Post by redsycorax on Aug 12, 2020 4:06:43 GMT
Earth-55, which used to be Earth-12 before several Crises intervened to mangle the order and reassign it several universes downward, is host to several highly derivative avengers from the caustic regions of the parodyverse. Mr Might, the Man of Titanium (Neon ran out of steel)!!! Lady Liberty, the Tiaraed Terror of All That is Statist (and Ayn Rand addict)!!! Princess Power, the Enormous Amazon!!! The Patriot, Annoying Emblem of a Varnished and Heavily Romanticised American Past!!! Bowman, the brown clad archer type guy!!! Bat Woman, the Uncaped Crusader Who Owes Nothing At All to Bill Finger!!! Captain Swift, the openly gay speedster!!! Green Trashcan, wielder of the noxious smelloring, an alien artefact from the Guardians of Phwoa!!! Lightpower, the reformed adult former Robber the Boy Plunder!!! Mermaid, the Sovereign of the Seven Seas!!! Together, they are the World's Most Grating Superbeings, the Freedom Brigade of the United States of America!!! They stand for post-truth, moral ambiguity and the American way!!!
+++
MARRACAS TRENCH:
In the lost continent of Pacifica, another hidden cephalopoid race dwelt, unbeknownst to the rest of that Earth. For some reason involving lack of intellectual property to exploit other Spongejim Saggytrousers characters, they all looked like his saturnine neighbour, Squalidwidge. It probably has something to do with clones and parthenogenesis, they're the usual excuses for lack of diversity. Anyway, when they'd been devastated by one oil slick too many, Supersqualidwidge, the emperor of these unaesthetic green dangling tentacled creatures, raised an appendage:
"Brothers!!! Sisters!!! Non-gender-specific Siblings!!! Neuters!!! The time has come to avenge our everlasting degradation by the beings of the surface world!!!"

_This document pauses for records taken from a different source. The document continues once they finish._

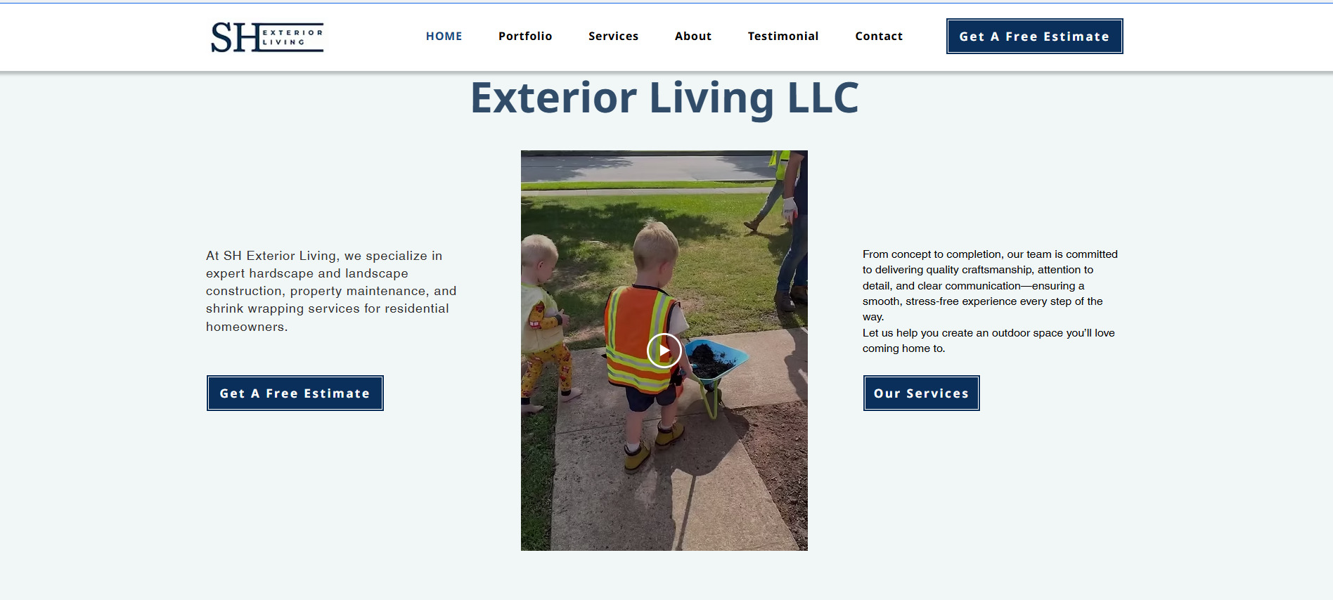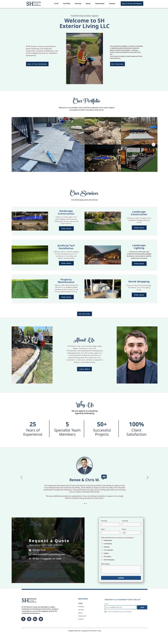 Welcome to SH Exterior Living’s Wix-powered showcase—a clean, visually appealing site that beautifully presents their expertise in transforming outdoor environments. The homepage seamlessly highlights key services like hardscape and landscape construction, artificial turf installation, lighting, maintenance, and shrink-wrapping, all underscored by crisp images and clear “View more” prompts. With a compelling “Get a Free Estimate” call-to-action up top, impactful project highlights in the portfolio section, and a standout testimonial praising their craftsmanship and professionalism, the site builds credibility while guiding visitors toward a smooth, client-centered experience.
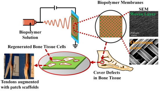 Blended electrospun biopolymer materials can be used to cover the damaged bone tissue and to promote the growth of bone cells [107]. Reproduced from [107]; Open access copyright (2020) Springer Nature.
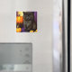 Un aimant avec un chaton d'Halloween vintage ! Un chaton noir moelleux pose à côté des citrouilles contre un arrière - plan violet. Un cadeau amusant pour les fêtes d'Halloween et les amoureux de les chats!
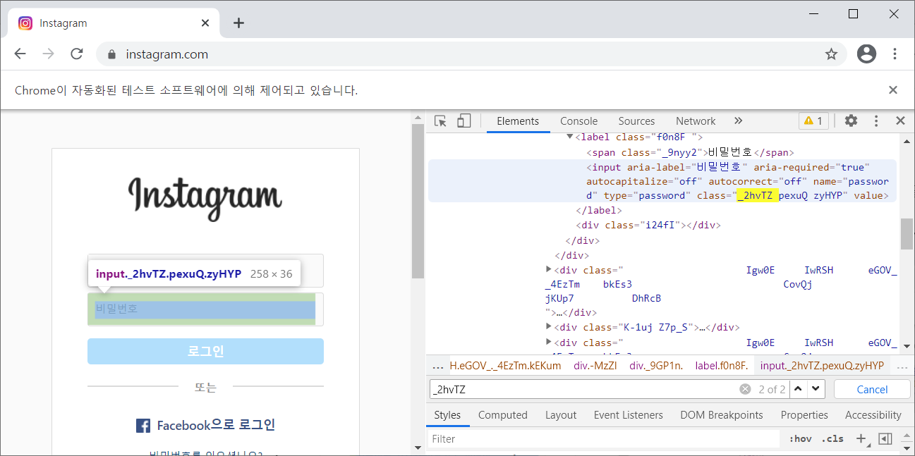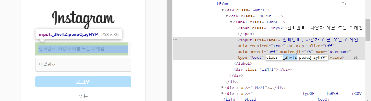 개발자모드를 통해 로그인 칸의 클래스를 유추해본다

"Why are you speaking standard English, given that we're all water dwellers?"
"Look, I'm not, this dialogue is a rough translation of the wholly gestural symbolic language we really use, but the author of this crap is too lazy to- awp !!!" Although Supersqualidwidge I was instantaneously crushed to a pulp beneath a conveniently falling ocean liner. Fortunately, or conveniently, he had just fissioned and his mitochondrial twin, Supersqualidwidge II, took over without the aspersions unjustly cast at the authorial presence. Halfway through the impassioned bellicose rant, the other Disgusting Green Tentacled Things raised their own manipulator appendages and gurgled deafeningly as one in consent to his planned devastation of the surface world and its oppressors!!!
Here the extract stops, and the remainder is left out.